What you are asked to do —
In the data below, find each line carrying the string "with" and copy it out.

Records excerpted from a collection —

^^^^

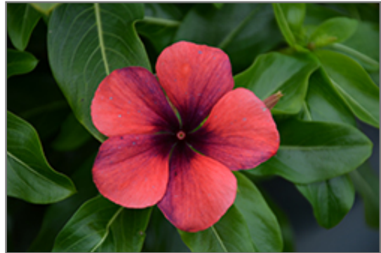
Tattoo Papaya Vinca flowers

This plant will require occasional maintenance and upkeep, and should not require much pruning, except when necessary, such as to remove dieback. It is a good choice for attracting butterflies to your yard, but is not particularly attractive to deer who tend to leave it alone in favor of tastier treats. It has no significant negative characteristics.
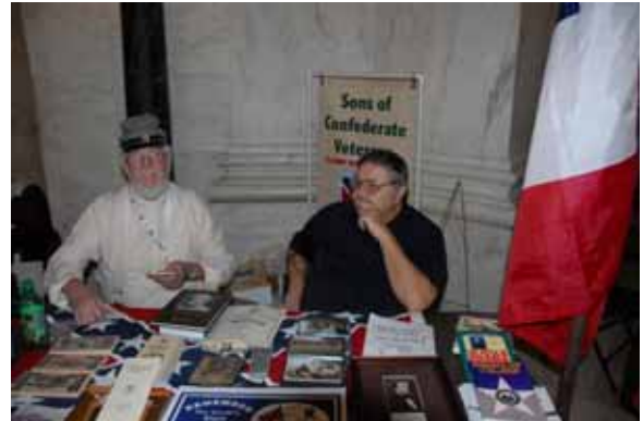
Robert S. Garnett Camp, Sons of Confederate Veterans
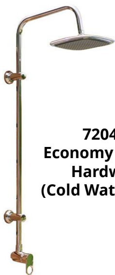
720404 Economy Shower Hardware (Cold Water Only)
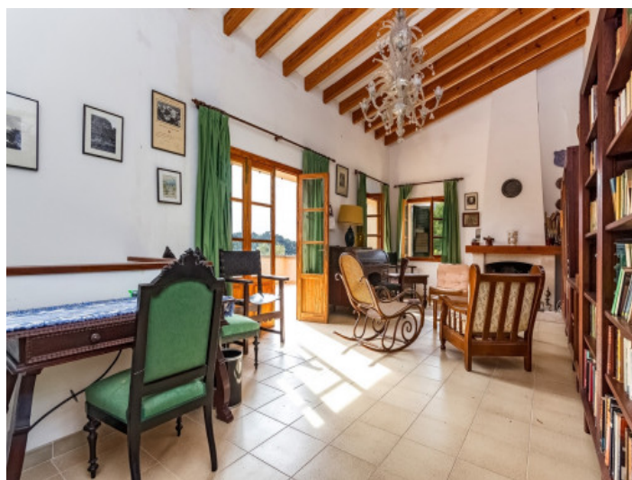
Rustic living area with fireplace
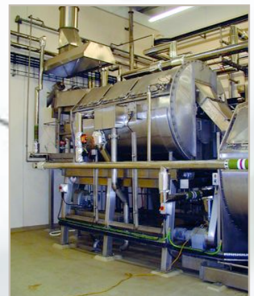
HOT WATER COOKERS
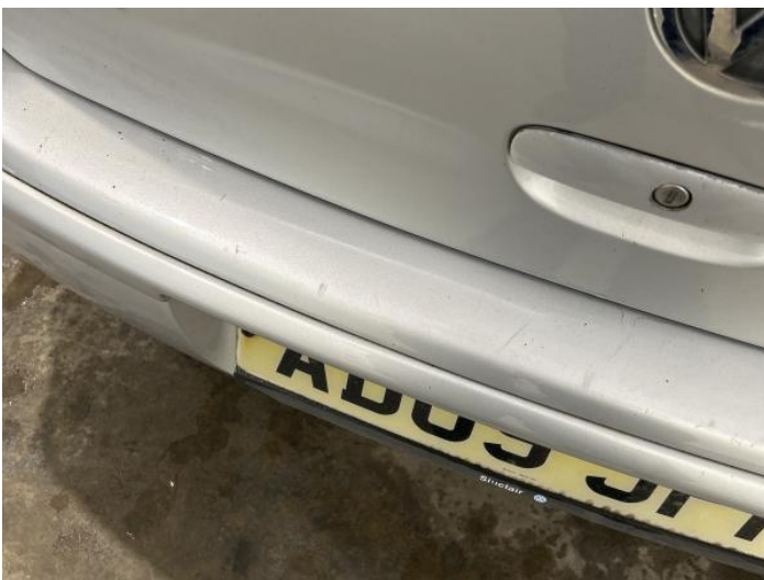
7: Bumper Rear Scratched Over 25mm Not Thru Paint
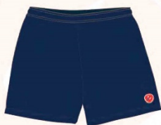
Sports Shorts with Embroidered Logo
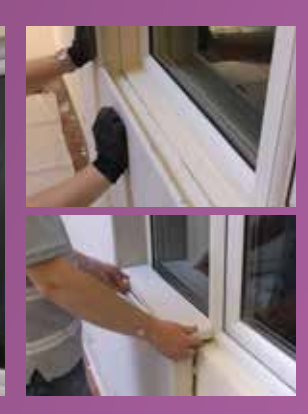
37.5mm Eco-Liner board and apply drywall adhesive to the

^^^^

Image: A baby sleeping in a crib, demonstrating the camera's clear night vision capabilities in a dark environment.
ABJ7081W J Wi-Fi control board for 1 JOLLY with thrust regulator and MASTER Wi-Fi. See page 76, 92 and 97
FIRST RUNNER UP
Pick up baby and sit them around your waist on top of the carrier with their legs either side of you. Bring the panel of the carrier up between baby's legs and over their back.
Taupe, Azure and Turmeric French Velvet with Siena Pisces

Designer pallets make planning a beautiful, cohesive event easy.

^^^^

Answer box —
Rustic living area with fireplace
Sports Shorts with Embroidered Logo
ABJ7081W J Wi-Fi control board for 1 JOLLY with thrust regulator and MASTER Wi-Fi. See page 76, 92 and 97
Pick up baby and sit them around your waist on top of the carrier with their legs either side of you. Bring the panel of the carrier up between baby's legs and over their back.
Taupe, Azure and Turmeric French Velvet with Siena Pisces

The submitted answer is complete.